Дальнейшее было уже мелочью. Ее даже не удивило, что почти все интервью явно берет Анна, дважды показавшаяся в кадре, и отчетливо звучащая за ним. Это объясняло замеченное в кафе выражение злобного торжества на ее лице.
Ульяна мужественно досмотрела его до конца, а потом, схватив диск, побежала к лифтам. Поднявшись на два этажа выше, она влетела в монтажную, где Ирина Шацкая спокойно пила чаек под мельтешение сразу в нескольких мониторах. Режиссеру это нисколько не мешало. Более того, она как Цезарь могла заниматься несколькими делами сразу, ничего не упуская из виду. Многие считали, что у нее глаза еще и на затылке. Поясницу Шацкой подпоясывала легендарная шаль, давно обглоданная молью до состояния рыболовной сети. Однако избавляться от нее Шацкая не собиралась. Ходили слухи, что именно эта драная шаль согревала ее во время первой чеченской войны, когда Ирина Борисовна отправилась в Грозный снимать фильм о бесчинствах, творящихся на улицах. По слухам, съемочная группа попала под обстрел или бомбежку, а Ирина Борисовна потом вроде бы лично вытаскивала из под завалов детей и раненных солдат, а, может, собственного оператора. Ульяна этим слухам охотно верила, поскольку внимательно разглядывая легендарную шаль видела на ней странные дыры: то ли от шрапнели, то ли от пуль. Ведь не может же моль быть такой аккуратной?
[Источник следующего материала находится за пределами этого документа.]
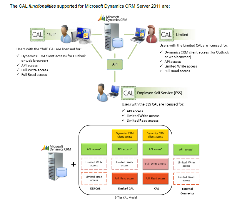 The functionality for an on-premise installation of Microsoft Dynamics CRM is controlled by 3 types of CAL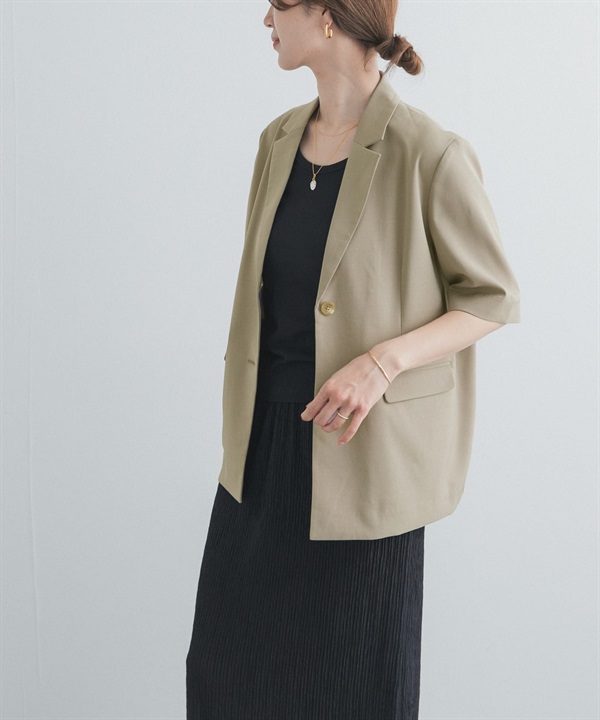 不易皺的EASY CARE機能材質,短袖設計西裝外套。

Что там произошло, Шацкая никогда не рассказывала, но после возвращения из Чечни она отправилась к руководству и в ультимативной форме потребовала перевести ее в редакцию развлечений. Операторы и журналисты, работавшие с ней, тоже молчали, а потом как-то незаметно рассосались собкорами: кто в Каир, кто в Лондон, и спросить стало не у кого.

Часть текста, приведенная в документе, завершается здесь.